Test   designers   aim   to   create   tests   that   can be graded fairly and consistently at low cost—typically,  analytic  tests (rather  than  holistic tests) with objectively evaluated  test items. Holistic tests ask students  to address  a major  problem  or question   (e.g., What  causes  climate  change?),  to assess  participants’  executive   skills  (i.e.,  their ability to plan, organize,  integrate,  etc.). However, evaluators might  not  agree on a single score on a participant’s holistic test, which can raise questions about  its legitimacy. Hence, holistic tests are often scored along multiple dimensions (e.g., content, organization), using  rubrics   with  exemplars   for each score along each dimension  and with explicit boundaries between adjacent  scores.

Analytic tests have separate items covering different, specific knowledge (e.g., questions requiring     short     answers,     true/false     items, multiple-choice questions,  matching  answers to questions,  etc.).  If these  analytic  test  items  have clear, objective answers that can be clearly evaluated as correct or incorrect, they allow for transparency and  allow  stakeholders to view and  agree on the fair  evaluation of  participant responses,  thereby enhancing a test’s legitimacy. Short-answer questions,   true/false   items,   and   matching   have critical weaknesses compared with multiple-choice questions.   Evaluators   might   not   know   how   to score unexpected short answers. Meanwhile, students  who  do not  know  the answer  to a true/ false question  have a 50-percent  probability of guessing the correct  answer  but only a 20-percent probability for a multiple-choice question  with five possible answers. Hence, each multiple-choice question  is more  likely  than  a  true/false  item  to distinguish   among   students   of  different   competences. Meanwhile, multiple-choice questions often have several choices that are nearly correct, but matching  problems  cannot  include  a comparable number  of such  answers  without severely taxing participants’ short-term memories.
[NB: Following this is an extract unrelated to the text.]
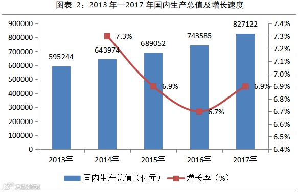初步核算,2017年国内生产总值827122亿元,比上年增长6.9%。其中,第一产业增加值65468亿元,增长3.9%;第二产业增加值334623亿元,增长6.1%;第三产业增加值427032亿元,增长8.0%。第一产业增加值占国内生产总值的比重为7.9%,第二产业增加值比重为40.5%,第三产业增加值比重为51.6%。全年最终消费支出对国内生产总值增长的贡献率为58.8%,资本形成总额贡献率为32.1%,货物和服务净出口贡献率为9.1%。全年人均国内生产总值59660元,比上年增长6.3%。全年国民总收入825016亿元,比上年增长7.0%。
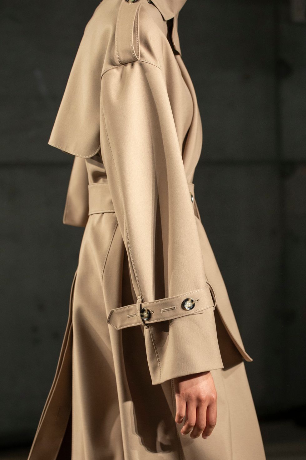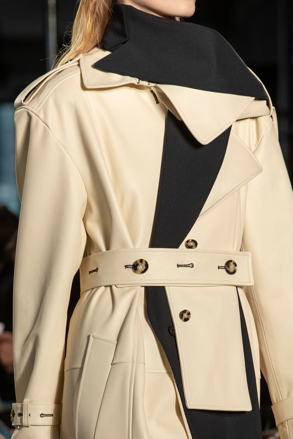 For men, the classic trench coat was oversized and accented with black fabric. For women, it was redone in leather with open shoulders and awkward, yet perfect hodgepodge of buttons.

Tests must be inexpensive to design, administer, and evaluate. While holistic tests are easy to design and   administer,  they   are   costly   to   evaluate, requiring   extensive  time  to  prepare   a  rubric,  to train evaluators, and for them to grade the tests. In contrast, short-answer and multiple-choice questions   require   extensive  time  to  design  and slightly   more   time   and   cost   to   produce   and administer, but  they can be evaluated  quickly and correctly, especially multiple-choice questions, when  using  computers. For  a teacher  assessing  a classroom   of  students,   a  holistic  test  can  yield more  information at  low  design  and  administration  costs  and  at  tolerable  evaluation costs  than less informative tests  with  only  short-answer or multiple-choice  questions.   However,   tests   with short-answer or multiple-choice questions are preferable    when   evaluating   large   populations (e.g., for school entrance  exams). The remainder of this entry focuses on multiple-choice tests.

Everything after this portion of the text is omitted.